​先日、かけはしの畑で、こどもたちが植えたサツマイモの収穫を行いました。サツマイモ掘りを楽しむこどもたちの様子をブログにしましたので、ご覧ください。

​地域ボランティアの皆さんの温かいご協力のおかげで、畑一面にサツマイモのつるが力強く伸び、豊かに実った畑となりました。厚くお礼申し上げます。


生い茂ったつるを切ってよせました
ボランティアさんとこどもたちの会話が自然とはずみます
掘っても掘っても出てくるサツマイモ
「レンコンみたいなサツマイモだよ」と見せてくれました
カナヘビ?トカゲ?捕まえて観察しました
サツマイモを掘り終えた後も、穴を堀り続けるこどもたち

サツマイモの収穫

​ボランティアさんとスタッフがつるを丁寧に取り除いた後、いよいよこどもたちの出番になりました!

​こどもたちはスコップや手を使って夢中で土を掘りすすめました。サツマイモを傷つけないよう、大きなスコップで周囲の土を崩し、最後は手で優しく土をかき出して丁寧に掘り出す姿には、その様子を見ていたボランティアさんも「こどもたちはサツマイモを綺麗に掘り出すね!」と感心されていました。

​特大のサツマイモが採れると、「大きい!」「当たりいもだ!」「ラッキーじゃん!」と喜びの歓声。
​細いサツマイモを見つけると「一口サイズで食べやすそう」「お味噌汁にしたら美味しそう」など、サツマイモの大きさや形を話題に、自然と仲良く話し合う様子が見られました。

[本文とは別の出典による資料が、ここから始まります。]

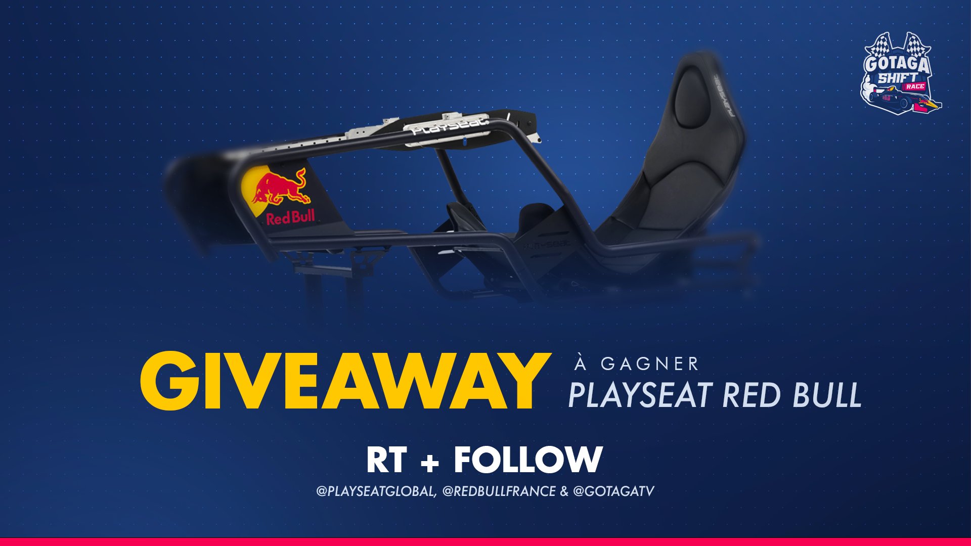 A l'occasion de notre Grande Finale du #GotagaShiftRace, on vous fait gagner ce Playseat Red Bull ! 🎁 #RT & #Follow @GotagaTV, @RedBullFrance & @PlayseatGlobal pour tenter de remporter le siège ! 🎁 TAS le 28/06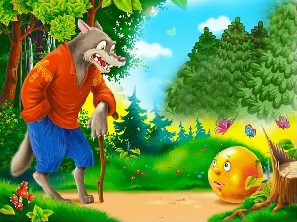 Катиться солнце по небу, а Колобок по лесной тропинке. Навстречу ему Серый Волк.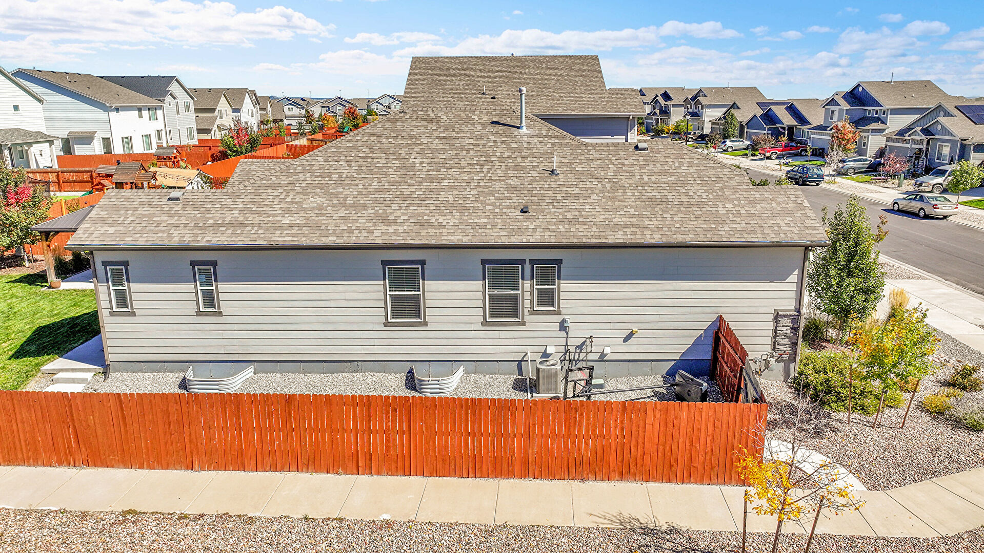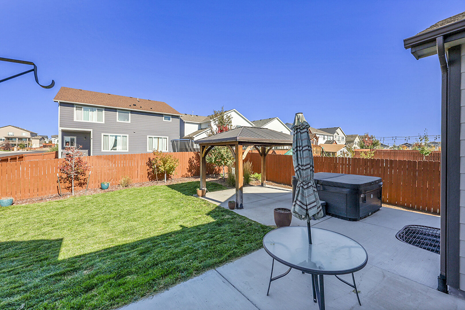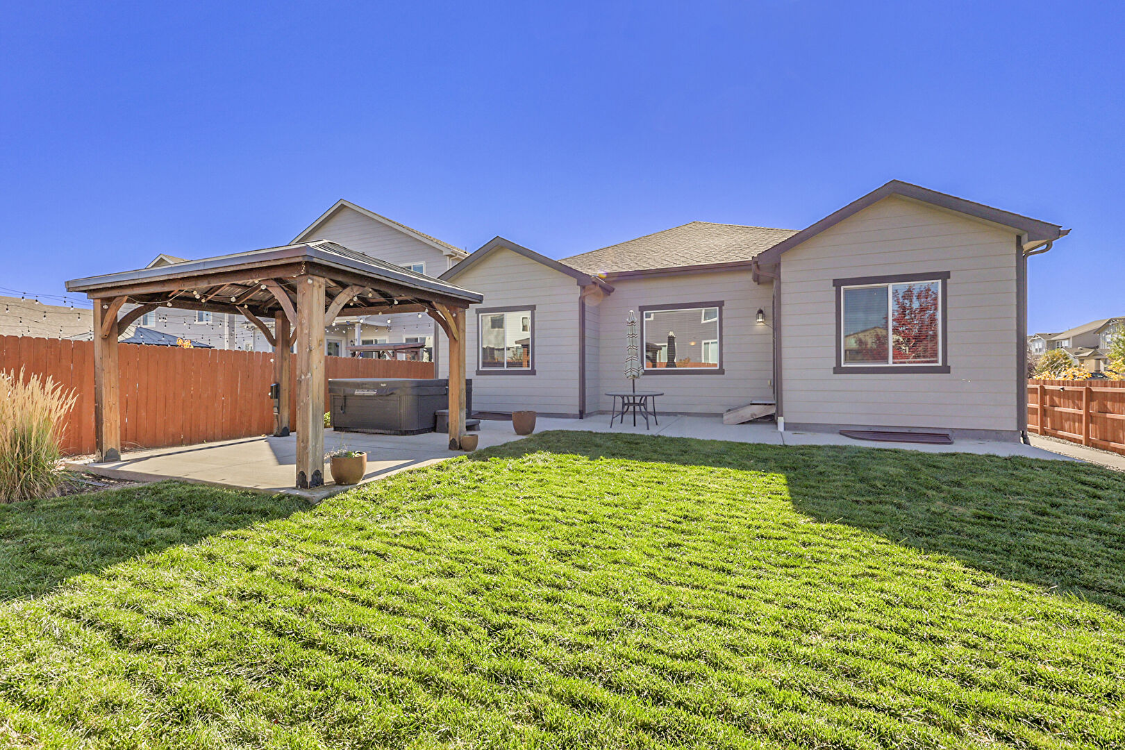 Downspout, Fence, Gazebo, Gutters, Horizontal Siding, Hot Tub, Lawn, Patio, Residential View, Shingle Roof, Concrete Foundation, Fence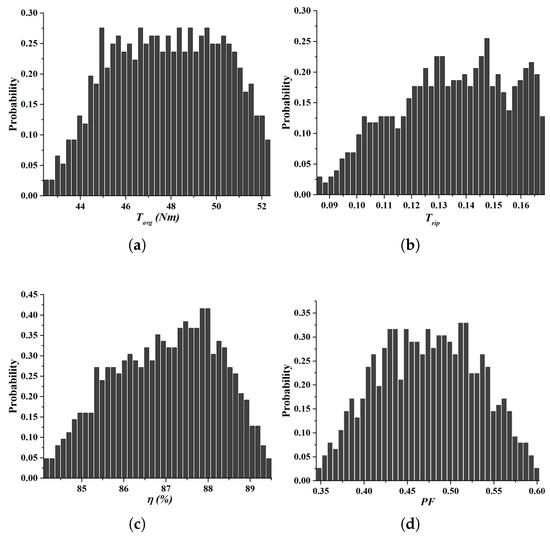 Figure 8d presents the power factor (PF), which achieves a more uniform and higher distribution, ensuring improved electrical performance. These results confirm that incorporating uncertainties within the robust optimization model leads to a highly reliable and consistent machine performance under real-world conditions.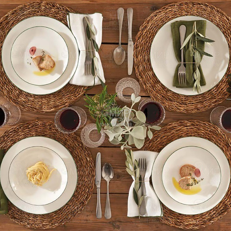 Коллекция Dintorno от итальянского производителя La Porcellana Bianca изготовлена из фарфора самого высокого качества. Чистая белизна фарфора прекрасно сочетается с изящным контуром тосканского зеленого цвета, окружающим изделие, подчеркивая его. Dintorno – посуда вне времени, подходящая для любого праздничного случая.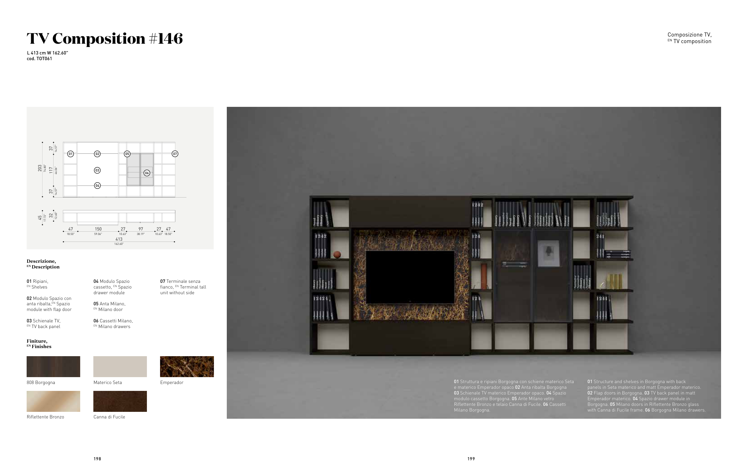 02 Flap doors in Borgogna. 03 TV back panel in matt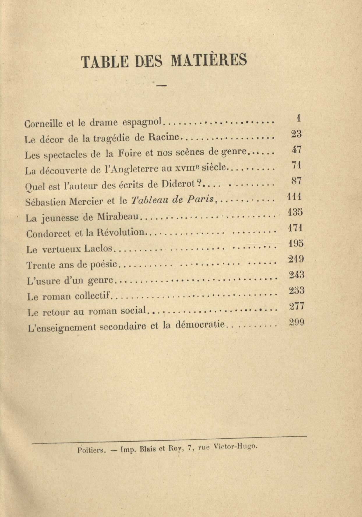 Title information Études sur la Littérature française : cinquième série / René Doumic Personal name Doumic, René, 1860-1937 (Author) Další autoři Librairie Académique Perrin et Cie (Paris, Francie) (Publisher) Blais et Roy (Poitiers, Francie) (Printer) Publication Paris : Librairie Académique Didier Perrin et Cie, 1906 Manufacture Poitiers : Imp. Blais et Roy Scope 321 stran ; 18,5 cm ISBN (Vázáno) Country France Language French Note Modrá plátěná Vazba se zlatým tiskem na hřbetě. - Přehled vydaných knih autora.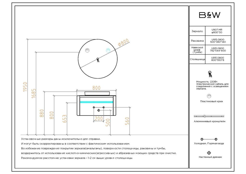 - В комплекте: тумба, раковина, столешница, донный клапан Push‑open, комплект крепежа с планкой, инструкция по установке (зеркало и смеситель приобретаются отдельно)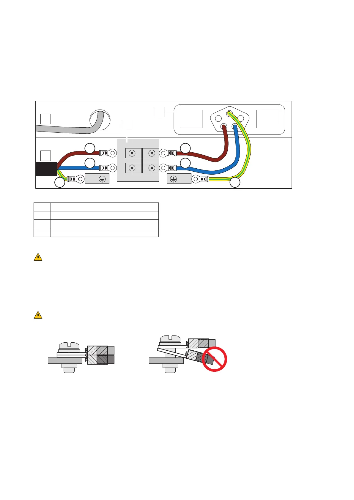 When attaching two cables with one screw, place the ring terminals of the cables back to back.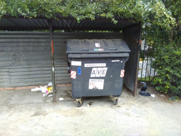 Pravidelná kontrola Čisté Trojky u kontejneru v ulici Jeseniova 131.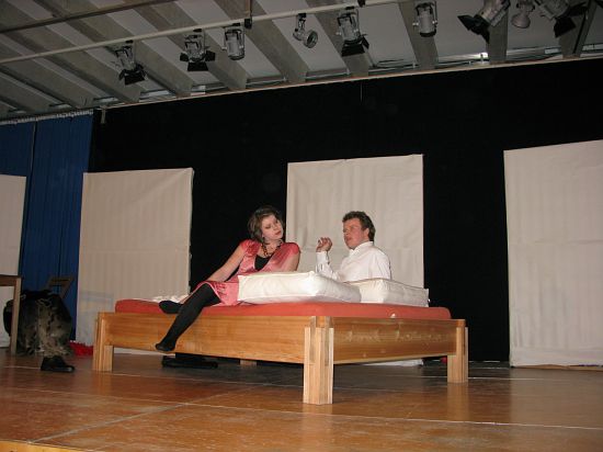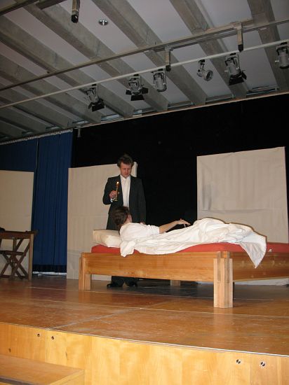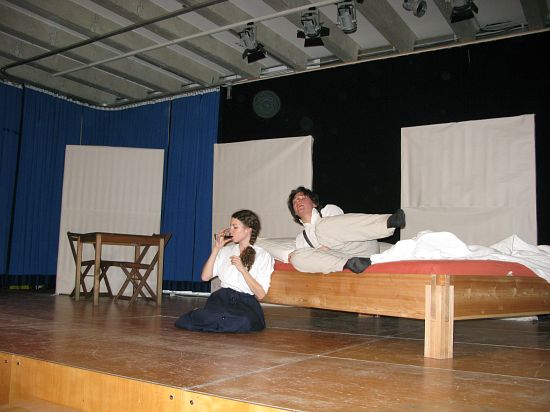 Die „Zehn Dialoge mit neun Unterbrechungen und einer Moral am Schluss“ fesselten die zahlreichen Zuschauer in der Aula von der ersten Sekunde an, als die Begegnung des Soldaten und der Dirne ohne Umschweife das Thema des Stücks offenlegte: Mit einem verächtlichen Blick auf die unterschiedlichsten Beziehungen zwischen Mann und Frau zeigte der „Reigen“, dass es immer nur um das „Eine“ geht, und wenn das erreicht war, hatte es einer der beiden Partner äußerst eilig, sich aus der Situation davonzustehlen. Die sexuelle Begierde als Motor kurzzeitiger Beziehungen ließ den Personen keinen Raum für gegenseitiges Verständnis oder gar eine tiefer gehende menschliche Beziehung. Und immer zeigten sich die Beziehungen auch als ein Spiel mit der Macht, die man über einen anderen Menschen ausüben kann.
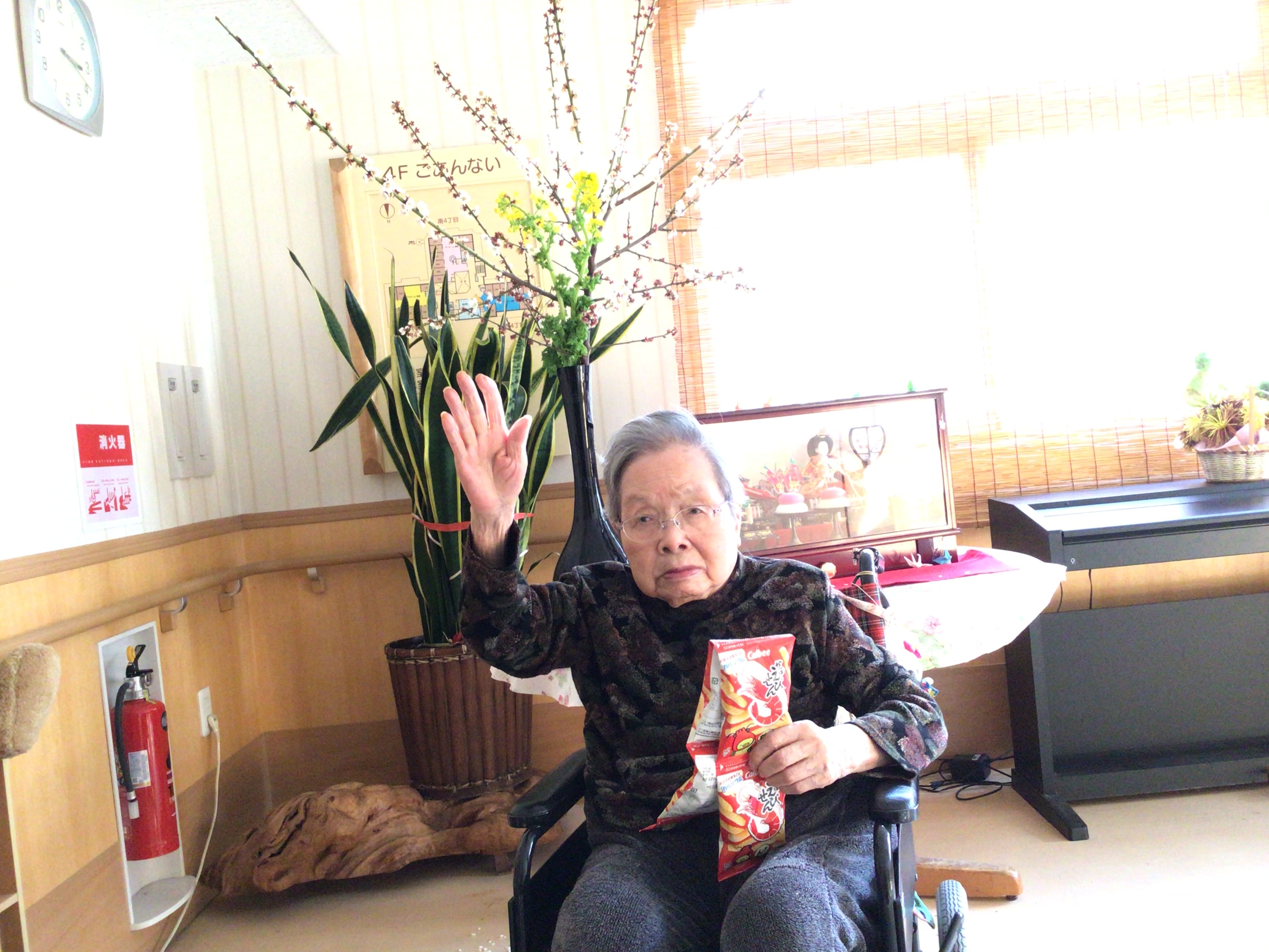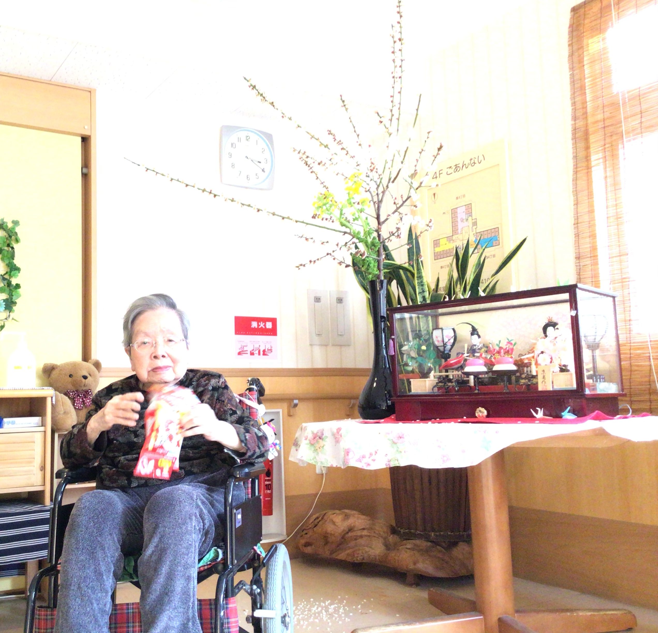 4階エレベーター前にお雛様と梅の花が飾られました(#^^#)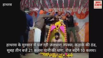हाथरस के मुरसान में चल रही जलधारा तपस्या, कड़ाके की ठंड, सुबह तीन बजे 21 कलश पानी की धारा, रोज बढ़ेंगे 10 कलश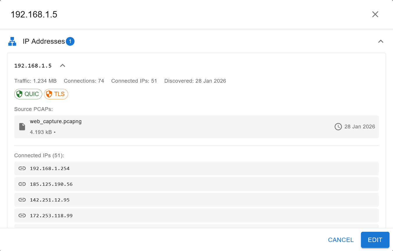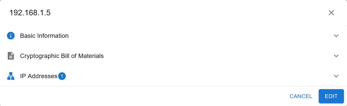 An overview of each asset containing: - asset name or IP address (if no asset name) - number of IP addresses tagged to the asset - total amount of traffic recorded as passing through the asset across all its IPs - number of connections associated with the asset - any analyzed crypto protocols captured in the IPs tagged to the asset - CBOM uploaded to the asset - Number of pcap file sources for the asset

​サツマイモ掘りの途中では、畑に住むたくさんの生き物との出会いもありました。クモ、トノサマバッタ、ナメクジ、トカゲ、ゲジゲジなど、虫を捕まえるこどもたちの姿。
​「虫はちょっと苦手……」と言っていた子も、白っぽいカブトムシの幼虫に似たイモムシを捕まえて得意げに見せてくれるなど、新たな発見と克服の場となりました。

​この日の収穫に参加してくれたのは、総勢9名のこどもたち。
​「紅はるか」「紅あずま」「安納芋」の全4列を掘りきり、大満足の収穫となりました。

収穫の喜びを食卓へ!学びの連鎖

​今回掘り出したサツマイモは、この後「かけはし」の居場所でこどもたちと一緒に調理する予定です。

​私たちは、苗植え〜収穫〜調理と、一連の流れを体験する活動を毎年大切にしてきました。​この一貫した体験は、こどもたちの興味を大きく広げるきっかけとなっています。​収穫したサツマイモを「自分で調理してみたい!」と次の活動へ意欲を示す子。​調理経験が強く印象に残り、「次は自分の手で植えたい!」と翌年の苗植えに積極的に参加する子。一つの活動が終わりではなく、次の活動へと自然に繋がっていく「学びの連鎖」が生まれています。

​こどもたちは、自分の中に小さな興味の種を見つけると、芽を出すようにぐんぐんと夢中になっていきます。目を輝かせながら取り組む姿には、大人も思わず引き込まれてしまうほどの力があります。そんなこどもたちの「次はこれをやってみたい!」という声に、私たちは耳を傾け、そっと寄り添いながら、一緒に歩んでいきます。

この流れそのものが食育であり、こどもたちの「やってみたい」という気持ちを大切にすることで、少しずつ自信が育まれているように思います。

こどもたちが自分の思いを形にしていく時間は、心が育つ大切なひととき。その瞬間を、私たちは見守り、応援しています。